Representing Foreign Nationals in U.S.: Some Considerations

George BenaurBusinessLeave a Comment

In the past five years of managing my law practice in midtown Manhattan and focusing on international business, investigations and litigations, I have had the chance to deal with a broad range of cultures: Middle Eastern, Russian, European, Georgian, Latvian, Ukrainian, and others. People with legal problems. Some have a dispute pending in the commercial courts in the United States. Others want to open a business, move to the United States or help their children to set up here. The cases have ranged from small to very large, but there is one common trend: the lack of understanding about the American legal system and process, and difficulty dealing with American law firms. There are definitely common trends in the way people from other countries perceive the legal system in our country and some special considerations needed when dealing with international clients.

Legal Fees & Costs and Managing Client Expectations: Although most international clients do understand that there are real costs associated with litigations and corporate transactional work, people are progressively questioning the fees being demanded by larger law firms. The issue for many is not the fact that the fees are being charged, but the fact that there is no end in sight for when the transactions or litigations will be completed. It is helpful in these circumstances to have a clear (but at times difficult) dialogue with clients about the projected timeline for the case. It has been my experience that when people understand the reasons for the various stages in the process (whether for transactions or litigations), and there is an ongoing clear dialogue between the client and the attorney, then people do come to understand the challenges involved and associated costs. People generally do understand that no one wants to work for free; this is indeed a maxim that is understood worldwide now.

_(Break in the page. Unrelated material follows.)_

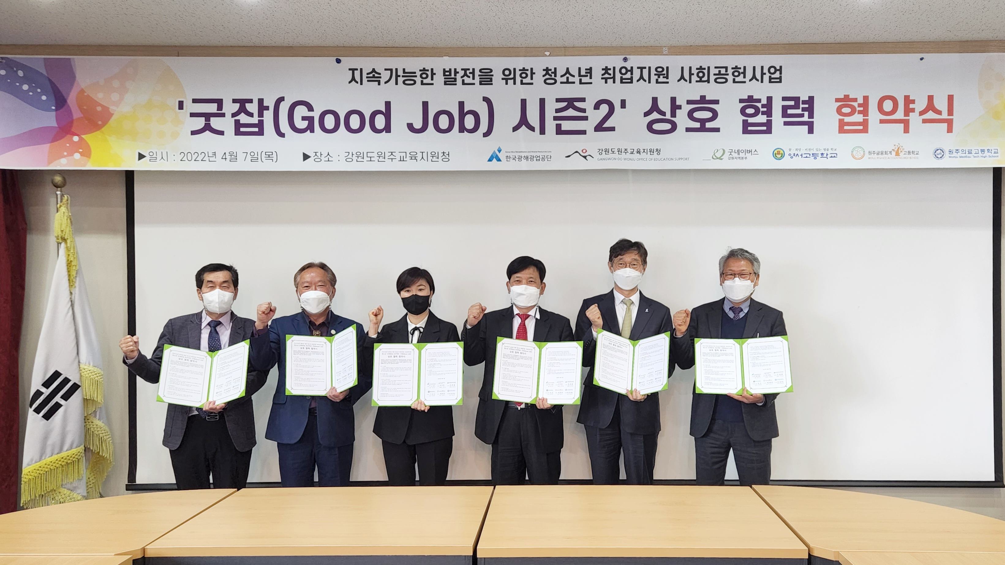 [강원사회복지신문 서은진 기자]=양질의 취업교육 및 미래 진로의 사회적 가치 경험·나눔 위한 청소년 취업지원 사회공헌사업 '굿잡(Good Job)' 실시 굿네이버스 강원지역본부(본부장 박미경)는 한국광해광업공단(사장 황규연), 강원도원주교육지원청(교육장 김춘형) 및 협력학교 3개교(영서고등학교, 원주금융회계고등학교...

Evaluating Risk & Making Business Oriented Decisions About the Case: In America, throughout my ten year career at large law firms, I have definitely heard Americans refer to some cases as “litigations for sport.” There are examples of multimillionaires spending hundreds of thousands of dollars over a broken partition which costs a fraction to fix and scores of other examples of unreasonable decisions that make no business sense whatsover (let alone examples of large corporations that pay lawyers to delay cases to beat up the smaller plaintiff to a much smaller settlement than the true value of the case).  And many lawyers do not oppose it. The theory being — if the client wants to litigate, it is their decision, the lawyer is just the conduit or agent for the client. In most international cases, at least in my experience, this type of approach does not work. People do not care to be in court. Foreign national clients definitely want to win, but I have found that most people that I have dealt with from other countries, want to accomplish their business objective as cost efficiently as possible, and have no interest in the legal process per se for its own sake.

Understanding Cultures, Objectives and Overcoming Challenges: Upon recently returning to the Philadelphia community where we immigrated with my family more than thirty years ago, I remembered what a long road it has been since those days to be in midtown Manhattan now. But more importantly, seeing that emigre world, I also again thought about the importance of respecting and understanding the local cultures when representing clients from other countries. One cannot apply the same expectations as we have in the United States, which is a common mistake made by many lawyers in such situations. At the same time, there are also challenges that are unique when dealing with international clients, especially those from particular regions (such as the European Eastern block and former CIS republics, for example). Many people from these countries still have much skepticism for the judicial system, largely stemming from the era of the Soviet Union and the corruption of the 1990s. This fact was evident from the discussions in Split, Croatia with local clients there, as well as the many clients from Russia, Latvia, Georgia and other former CIS countries. These same clients may have an overly unrealistic expectations of American legal systems — the U.S. being viewed as a pinnacle of legal justice reform (at times, subject to great disappointment down the road as the case progresses). Again, maintaining an honest dialogue and conducting your own due diligence is critical in such cases.

These are just a few considerations when dealing with foreign clients entering the United States to conduct business or litigate disputes. There are no doubt so many more and as the months and years of my practice progress I hope to update this piece with other considerations and observations. In the meantime, best wishes for the New Year!!